- Born: 12 September 1941 St. Louis
- Died: 3 December 2021 (aged 80) Swindon
- Alma mater: Webster Groves High School; Northwestern University; Washington University in St. Louis ;

= Denis O'Brien (producer) =

American lawyer and movie producer (1941–2021)

Denis O'Brien (September 12, 1941 – December 3, 2021) was an American attorney, best known as the business manager of George Harrison and co-founder of the film studio HandMade Films.

==Biography==
O'Brien was born on September 12, 1941, and grew up in St. Louis, Missouri, the son of Ruth O'Brien and Albert James O'Brien. Albert was Vice chairman of the board at Ralston Purina, and also chairman of the board of Union Bank of Illinois, Union Illinois Company, and the State Bank of Jerseyville, Illinois, a bank that he gained control of in 1974. Denis became President and CEO of the bank in 1997, but was ousted two years later by the bank's board "after his business strategy proved too aggressive for the board of directors".

O'Brien attended Northwestern University and earned a JD from Washington University School of Law. He lived in Paris from 1968-70, where he worked for the prestigious law firm Coudert Frères. He then moved to London for a position with the Rothschild banking group. His two daughters by his first wife, Kristen and Laura O'Brien, were born in London. In 1995 he married British artist Phyllida Riddell.

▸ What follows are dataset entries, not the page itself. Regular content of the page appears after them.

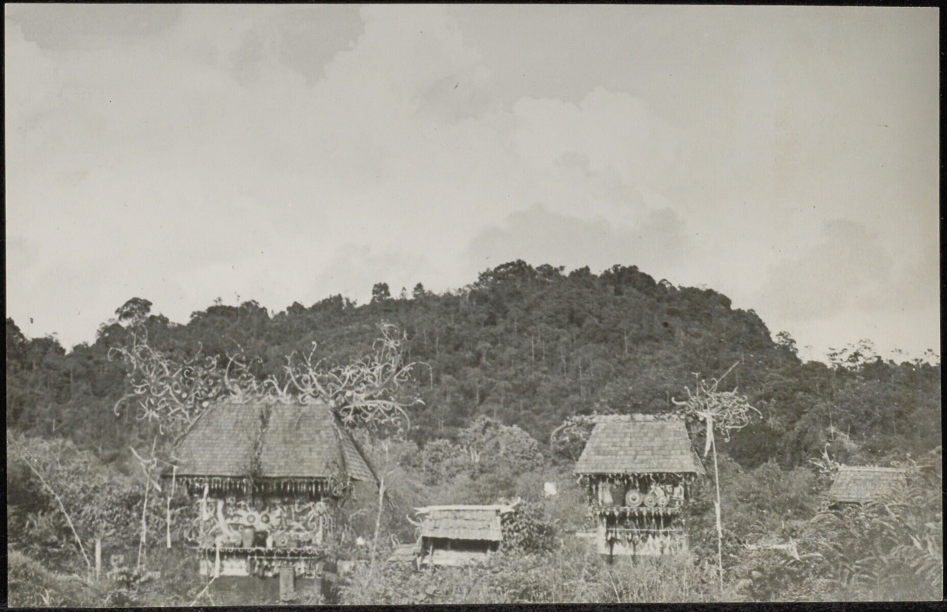 Landschap met huisjes op palen gebruikt voor het bewaren van de as van overledenen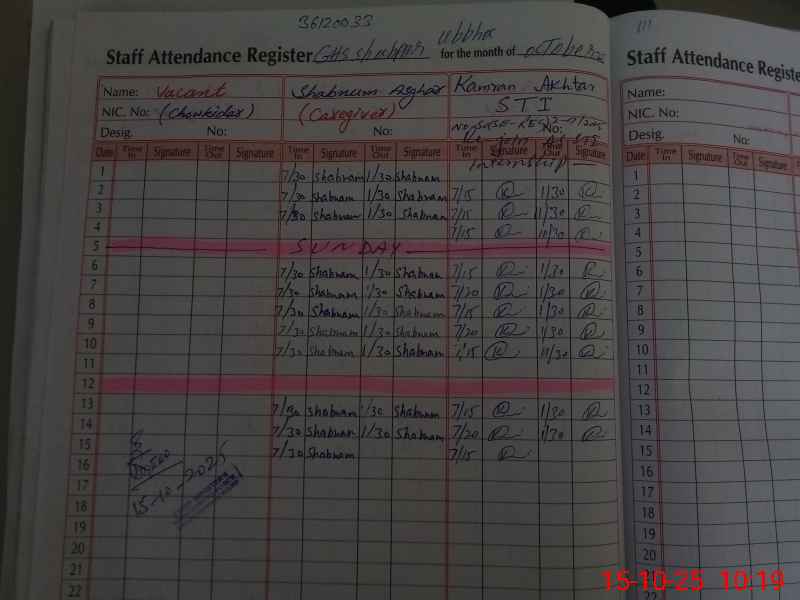 | CNIC | Full Name | Designation | R/C | Absence During Last Calender Month |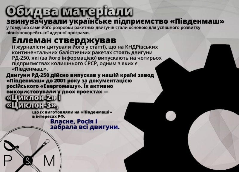 Обидва матеріали звинувачували українське підприємство «Південмаш» у тому, що саме його розробки ракетних двигунів стали основою для успішного розвитку північнокорейської ядерної програми. Еллеман стверджував (і журналісти цитували його у статті), що на КНДРівських континентальних балістичних ракетах стоять двигуни РД-250, які (за його інформацією) випускають на чотирьох підприємствах колишнього СРСР, одним з яких є «Південмаш».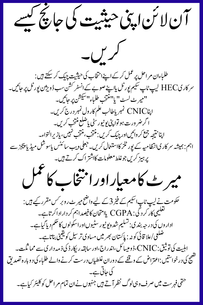 - Students are advised to frequently check the official HEC Laptop Scheme portal for updates.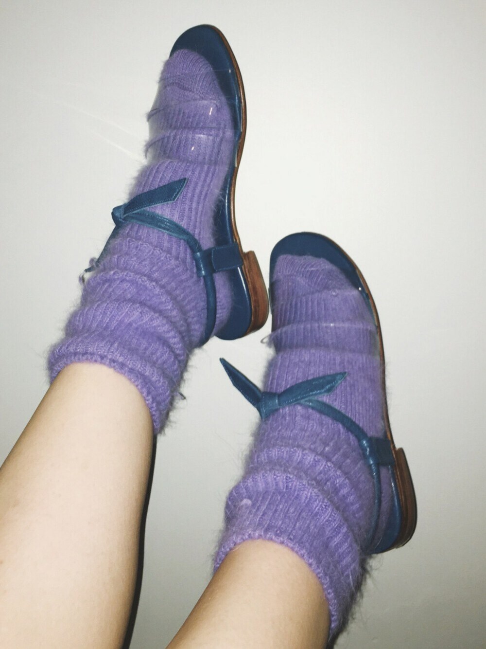ラベンダーのアンゴラソックスに クリアPVCの組み合わせいいなぁ 異素材のコンビネーション モヘア・アンゴラ系ソックスてほんとにかわいいねぇ このカラーも発色良く毛足もあって気に入っている

O'Brien met George Harrison when the former Beatle was looking to extricate himself from Allen Klein's management. He was introduced to Harrison by Peter Sellers, one of the financial clients O'Brien successfully helped by turning around his flailing career in 1974 when Sellers signed on to make The Return of the Pink Panther. O'Brien helped the former Beatle sort out his mounting tax issues after becoming his manager in 1973. Their partnership was initially founded on mutual admiration. Harrison said of O'Brien, "In 20 minutes, he gets more from a budget sheet than most people do in 20 hours", while O'Brien recalled of their first meeting: "The chairman of Shell, of RTZ, of IBM, of Ford – I've met all these people and I've never met anyone as together as George."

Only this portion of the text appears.